Now, there are many online services with this functionality, but they are not applicable everywhere because they lead to security issues (data leaks), may brings delays in interaction (slow response), and so on.
When I designing systems that require voice interaction (automatic calls processing, voice request processing, etc), a frequent requirement is to use a local Speech-to-Text systems.
And this solution was written to resolve this problems.
The server was written in C, based on wstk, alphacephei framework and its models.
Capable to work on the regular servers, produces fast responses that suitable to build realtime dialog systems.
This is a commercial product, if you are interested in purchasing or have some questions,
please visit a contact page.
There is an evaluation period with installation on your servers (preferred Ubuntu 22.04 x64).
Allows to keep your personal data in safe
There are open models for various languages
There are tools for it
Allows you to defined (in request) a dictionary of available words
Allows to generate vector for speaker identification
You don't need to purchase or rent some expensive hardware
There's a module for integration with Freeswitch (see mod_sivr_asr)
Allows to use asr-api from dialplan or scripts
Allows to save memory and improve performance by sharing models
This allows to integrate STT service in various application (see example below)

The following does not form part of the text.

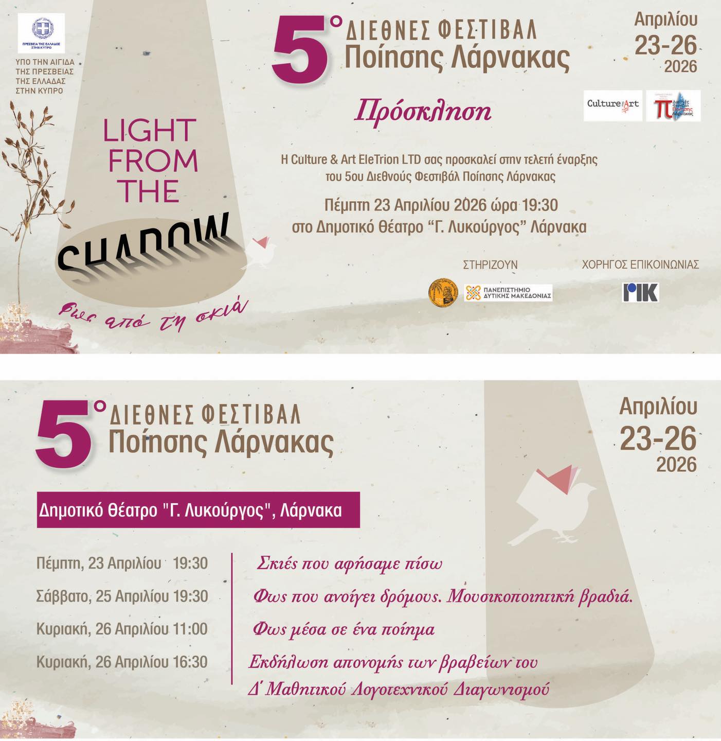 Η Λάρνακα υποδέχεται από τις 23 έως τις 26 Απριλίου 2026 το 5ο Διεθνές Φεστιβάλ Ποίησης Λάρνακας, έναν σημαντικό και πλέον εδραιωμένο θεσμό, ο οποίος προάγει τη σύγχρονη ποιητική δημιουργία, καλλιεργεί τον διαπολιτισμικό διάλογο και αναδεικνύει τη βαθύτερη σχέση της ποίησης με τις άλλες τέχνες και τη δημόσια ζωή.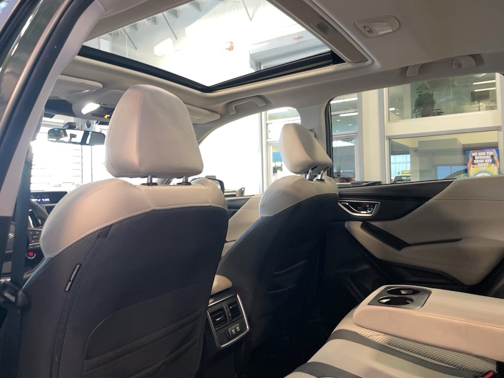 Bumper to bumper warranty up to 100k available. Ask for more details on extended warranty packages, Clean AutoCheck history., Still Under Factory Warranty, One owner vehicle., 4-Wheel Disc Brakes, 6 Speakers, ABS brakes, Active Cruise Control, Air Conditioning, AM/FM radio: SiriusXM, Anti-whiplash front head restraints, Auto High-beam Headlights, Automatic temperature control, Blind Spot Detection w/RCTA & Power Rear Gate, Blind-Spot Detection (BSD), Brake assist, Bumpers: body-color, Driver door bin, Driver vanity mirror, Driver's Seatback Divided Pocket, Dual front impact airbags, Dual front side impact airbags, Dual USB Charge Ports, Electronic Stability Control, Emergency communication system: STARLINK Safety and Security (Subscription Required), Exterior Parking Camera Rear, EyeSight System, Four wheel independent suspension, Front anti-roll bar, Front Center Armrest, Front fog lights, Front reading lights, Fully automatic headlights, Heated door mirrors, Heated Front Bucket Seats, Illuminated entry, Knee airbag, Leather steering wheel, Low tire pressure warning, Multi-Function High Grade Display, Occupant sensing airbag, Outside temperature display, Overhead airbag, Overhead console, Panic alarm, Passenger door bin, Passenger vanity mirror, Power door mirrors, Power driver seat, Power moonroof: Panoramic, Power Rear Gate, Power steering, Power windows, Premium Cloth Upholstery, Radio data system, Radio: Subaru STARLINK 6.5" Multimedia Plus System, Rear anti-roll bar, Rear seat center armrest, Rear window defroster, Rear window wiper, Remote keyless entry, Roof rack: rails only, Security system, Speed control, Speed-sensing steering, Split folding rear seat, Spoiler, STARLINK/Apple CarPlay/Android Auto, Steering wheel mounted audio controls, Tachometer, Telescoping steering wheel, Tilt steering wheel, Traction control, Trip computer, Variably intermittent wipers, Wheels: 17" x 7.0 J Black Machine Finish Alloy.

With various samplerate and channels.
Example #1 (simple request)
Request:
curl http://127.0.0.1:8801/v1/transcriptions -X POST -H "Authorization: Bearer secret" -H "Content-Type: multipart/form-data" -F language="en" -F smodel="small" -F file="@test.mp3"
Response (json):
{
"text" : "hello world"
}
Example #2 (with speakes identify)
Request:
curl http://127.0.0.1:8801/v1/transcriptions -X POST -H "Authorization: Bearer secret" -H "Content-Type: multipart/form-data" -F language="en" -F smodel="small" -F vmodel="default" -F file="@test.mp3"
Response (json):
{
"spk" : [-0.644623, 1.023342, 2.575434, 0.623447, -0.602342, 1.0234234 -1.4824234 -0.021242, 0.824297, -0.152424, ... ],
"spk_frames" : 81,
"text" : "hello world"
}